Witajcie, jestem nowa na muratordom. Z mężem stoimy przed decyzją kupna domu, nie mamy zbyt dużo funduszy więc w grę wchodzi kupno mieszkania lub starego domu.

Mamy jeden dom na oku ale nie wiem czy się opłaca go kupić i remontować. Dom ma około 20lat, w tym od 6 lat nikt tam nie mieszka. Jest zbudowany z cegły hadykówki i ma steropian w murze. Wygląda na suchy, ale nie mam pewności. Obawiam się tego że po tych 6 latach mogło się wiele zepsuć-zawilgocić. Pod dachem jest położona wełna, centralne ogrzewanie założone, rury stalowe grzejniki nowe. Podobno jakieś rury pękły w zimie w kotłowni więc pewnie cała instalacja jest do wymiany. Dom jest wytynkowany, ma położone panele na dole, góra nie wykończona. Wszystko wygląda na zaniedbane ale nie w tragicznym stanie.
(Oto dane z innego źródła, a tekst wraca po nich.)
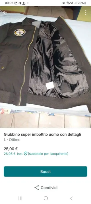 - Collo alto per maggiore protezione. - Chiusura centrale con zip. - Tasche laterali con zip. MARCA: "COTTON & SILK" PIUMINO SPORTIVO UOMO TG. USATO, OTTIME CONDIZIONI, NESSUN DIFETTO, MINIMI SEGNI DI UTILIZZO. APERTURA A CERNIERA. DUE TASCHE LATERALI CON APERTURA A CERNIERA. DUE TASCHE INTERNE APERTE. ESTREMAMENTE LEGGERO E COMODO. LA SUE IMBOTTITA CONFERISCE AL PRODOTTO UNA INCREDIBILE PROTEZIONE DAL FREDDO. PERFETTO IN INVERNO. CONSULTARE LE MISURE FORNITE DI SEGUITO: - ALTEZZA TOTALE 65 CM - LARGHEZZA TORACE 50 CM - LARGHEZZA SPALLE 45 CM - LUNGHEZZA BRACCIO 65 CM
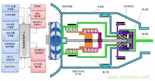 自動變速器汲取汽車發動機產生的功率,然后通過符合各種駕駛需求的不同的齒輪傳動比傳導這些功率。齒輪傳動比之所以不同,是為了確保發動機轉速(RPM)和供應給車輪的扭矩與當前車速和加速度匹配。來自發動機飛輪的動力通過扭矩變換器傳輸給變速器(見圖1)。
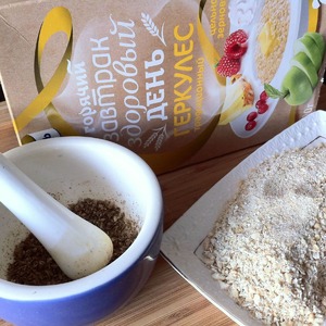 • Кумин и кориандр истолките в ступке. Арахис и Геркулес от Мистраль измельчите в блендере.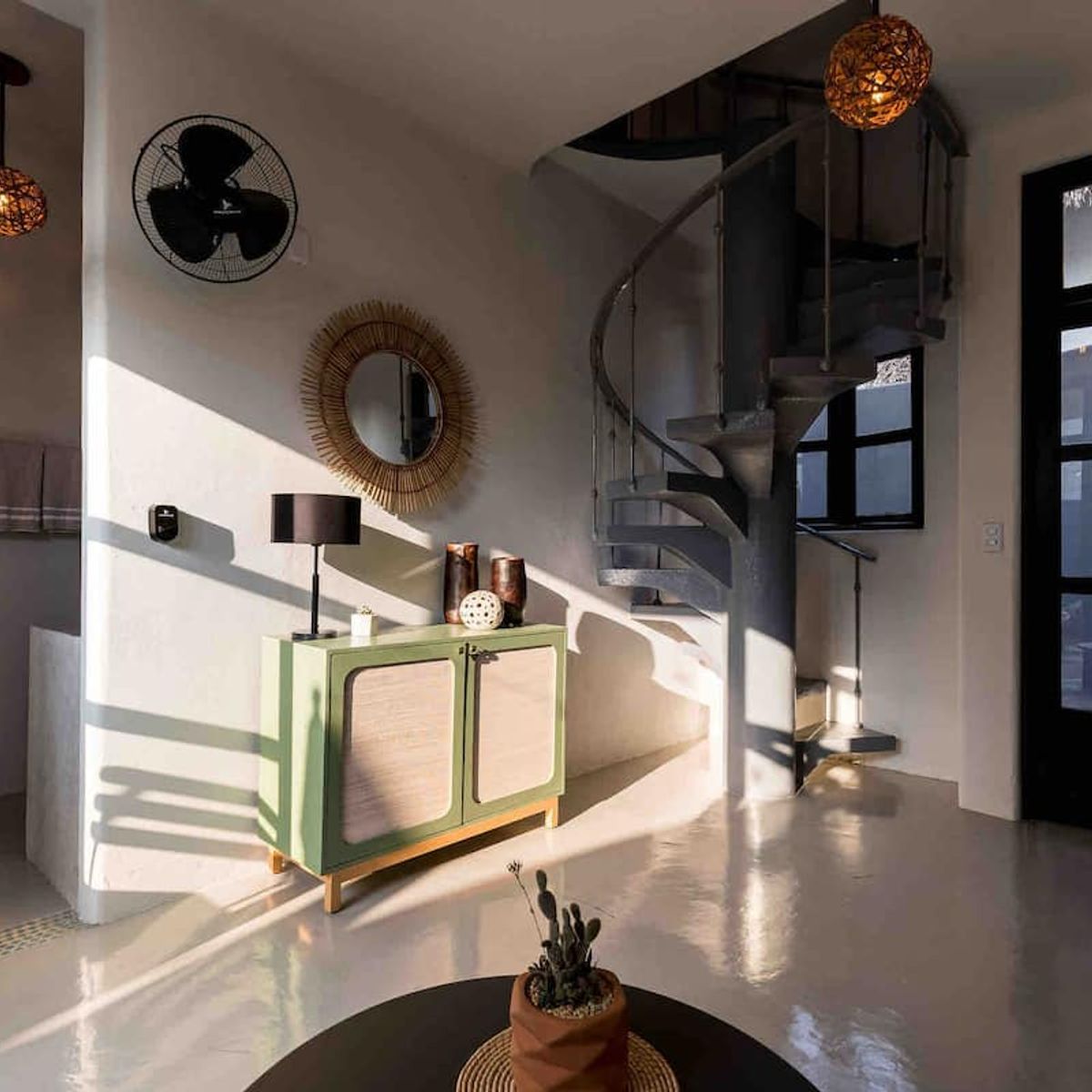 For families with small children, please be mindful of balconies and spiral staircases.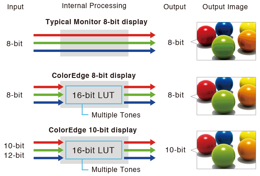 Die LUT (Look-Up-Table) des CG2700S rechnet intern mit einer extrem hohen Farbtiefe von 16 Bit und das Panel gibt die Signale dann mit bis zu 10 Bit aus. Dadurch stehen zur Berechnung der präzisen Monitordarstellung Milliarden von Farbtönen zur Verfügung. Vom Monitor verursachte Darstellungsfehler wie Banding oder Clipping, die sich in Tonwertabrissen in Verläufen oder Farbstichen in den Graustufen auswirken, werden so wirksam verhindert. Auch feine Nuancen und Strukturen in dunklen oder stark gesättigten Bildbereichen werden dadurch noch differenziert und detailgetreu dargestellt.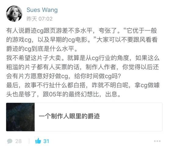现在,《爵迹》继续延续人气明星撑场子基调,依靠技术噱头,掩饰影片内容、演技硬伤。这种故弄玄虚手法,在广大网友眼里是不能容忍的。加之,《爵迹》预告片效果确实有不足之处,网友吐槽就犹如万箭齐发。

I teraz moje pytanie czy wiele rzeczy może być do poprawy po 6 latach nie mieszkania? Tynki mogą być do wymiany? trzeba jakoś osuszać ten budynek? nie mam bladego pojęcia co tam trzeba będzie zrobić. Cena też nie jest za niska bo 200tys zł ale duża działka , no i dom nie stary częsciowo wykończony. Tylko własnie dylemat ile trzeba w to jeszcze włożyć.